[Supplied material Boundary: Start]

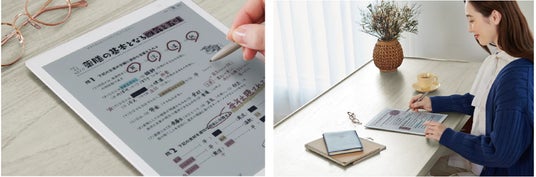 新しいクアデルノでは、従来機の薄さ、軽さ、書き心地はそのままに、表示のカラー対応により視覚的な整理や学習効果の向上、ビジネス用途での利便性拡大に加え、音楽演奏を楽しむお客様の場合には、楽譜への「赤入れ」やポイントの書き込みが容易になり、演奏時の重要なポイントを視認しやすくなるなどの効果も期待されるなど、多様なシーンでご活用いただけます。
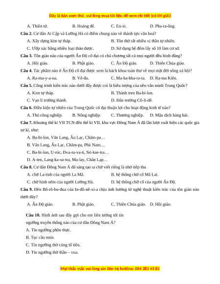 Câu 9. Đền Bô-rô-bu-đua của In-đô-nê-xi-a chịu ảnh hưởng từ nghệ thuật kiến trúc của tôn giáo nào dưới đây? A. Ấn Độ giáo. B. Phật giáo.
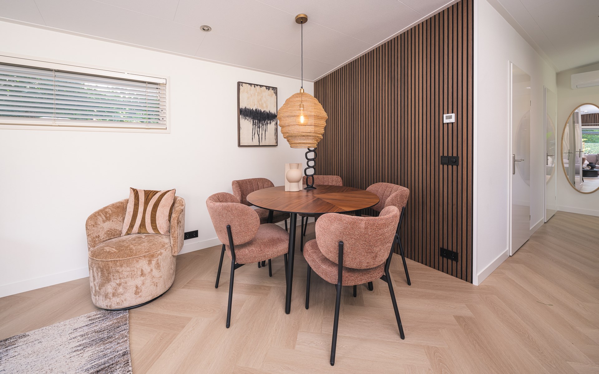 In addition to its modern interior, the Cannenburch Deluxe offers extra comfort with air conditioning, which can both heat and cool, ensuring an optimal indoor climate in every season. Outside, you can relax under the luxury pergola, perfect for enjoying the shade or staying sheltered during a light rain shower.

[Supplied material Boundary: End]

→ Directions: What is needed here is each line above set down word for word, minus the images.

→ Completed exercise:
 新しいクアデルノでは、従来機の薄さ、軽さ、書き心地はそのままに、表示のカラー対応により視覚的な整理や学習効果の向上、ビジネス用途での利便性拡大に加え、音楽演奏を楽しむお客様の場合には、楽譜への「赤入れ」やポイントの書き込みが容易になり、演奏時の重要なポイントを視認しやすくなるなどの効果も期待されるなど、多様なシーンでご活用いただけます。
 Câu 9. Đền Bô-rô-bu-đua của In-đô-nê-xi-a chịu ảnh hưởng từ nghệ thuật kiến trúc của tôn giáo nào dưới đây? A. Ấn Độ giáo. B. Phật giáo.
 In addition to its modern interior, the Cannenburch Deluxe offers extra comfort with air conditioning, which can both heat and cool, ensuring an optimal indoor climate in every season. Outside, you can relax under the luxury pergola, perfect for enjoying the shade or staying sheltered during a light rain shower.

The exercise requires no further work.